Experts have also warned that prolonged restrictions on movement may have negatively affected cancer patients due to delayed treatment that could worsen their condition and even result in death.
“What is the expected increase in mortality due to non Covid-19 cases and what is the government’s plan on this issue?” said Dr Yii.
PKR health spokesperson and former Deputy Health Minister Dr Lee Boon Chye told CodeBlue that he wants to ask MOH to state the number of compounds issued for smoking offences at food premises for 2019 and 2020.

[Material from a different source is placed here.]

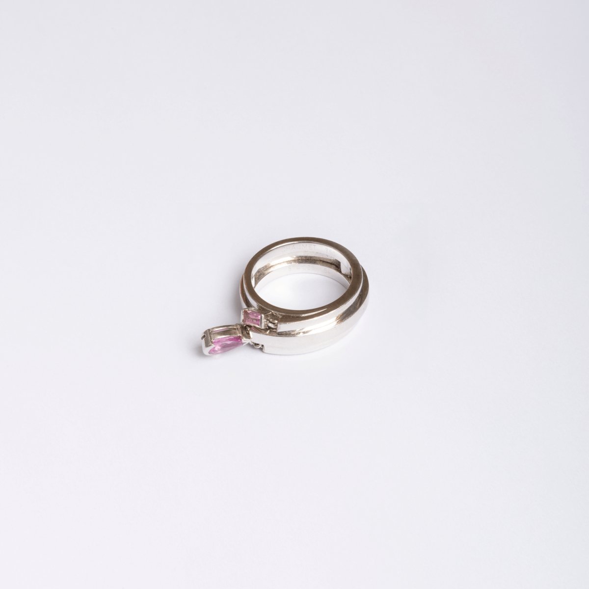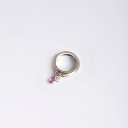 Bague CHAUMET en or blanc 18 carats ornée de trois breloques serties de diamants et saphirs roses. Poids brut : 15 g Tour de doigt : 54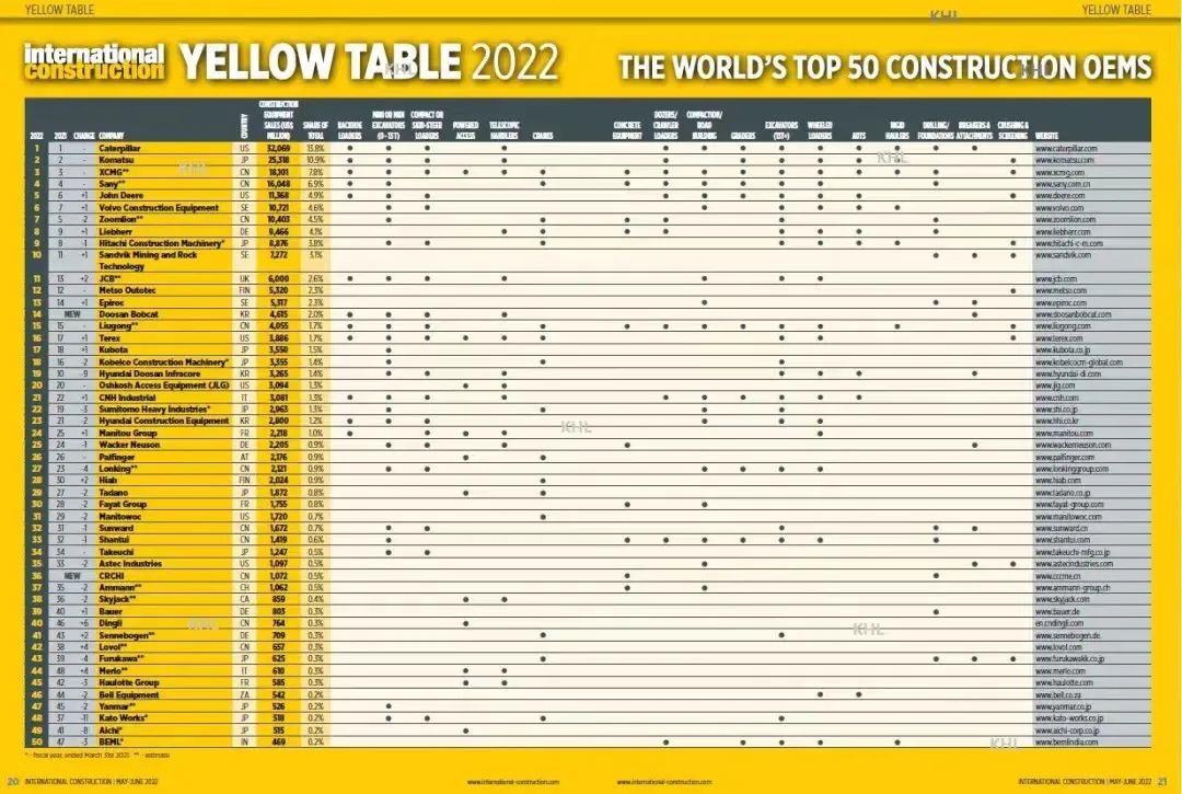 6月1日,全球工程机械行业知名资讯集团KHL旗下《International Construction》杂志权威发布Yellow Table榜单。榜单显示,TOP50工程机械制造商2022年总销售额为2306亿美元,为该榜单有史以来的最高数字之一。增长的一个重要原因是美国制造商业绩的增长,2022年美国制造商销售额占全球总收入26%以上,比2021年增加五个百分点。相比之下,中国军团整体排名略有下滑。

“State the government’s policy on ‘vape’ and electronic cigarettes,” the Gopeng MP from Perak added.
Contract Doctors Issue
The PH MPs also plan to raise some questions on the issues that contract doctors are currently facing in public health care facilities, particularly their career path.
“When does the government intend to implement the Excellent Graduate Medical programme which provides an opportunity for ‘houseman’ graduate medical trainees to complete housemanship within 18 months, compared to two years through the Fast Track programme approved by the Cabinet in 2018,” Dzulkefly asked.
He also plans to ask whether the government is willing to finance or provide loans to contract medical officers who wish to become specialists through the parallel pathway programme.
At the same time, Dr Yii wanted to know the number of medical officers, pharmacists, dentists and clinical psychologists who are offered permanent positions, by state and also the percentage in each state.
Gopeng MP Dr Lee aimed to ask MOH to state the number of medical graduates with a Certificate of Temporary Practitioner who are still waiting for placement as graduate medical officers.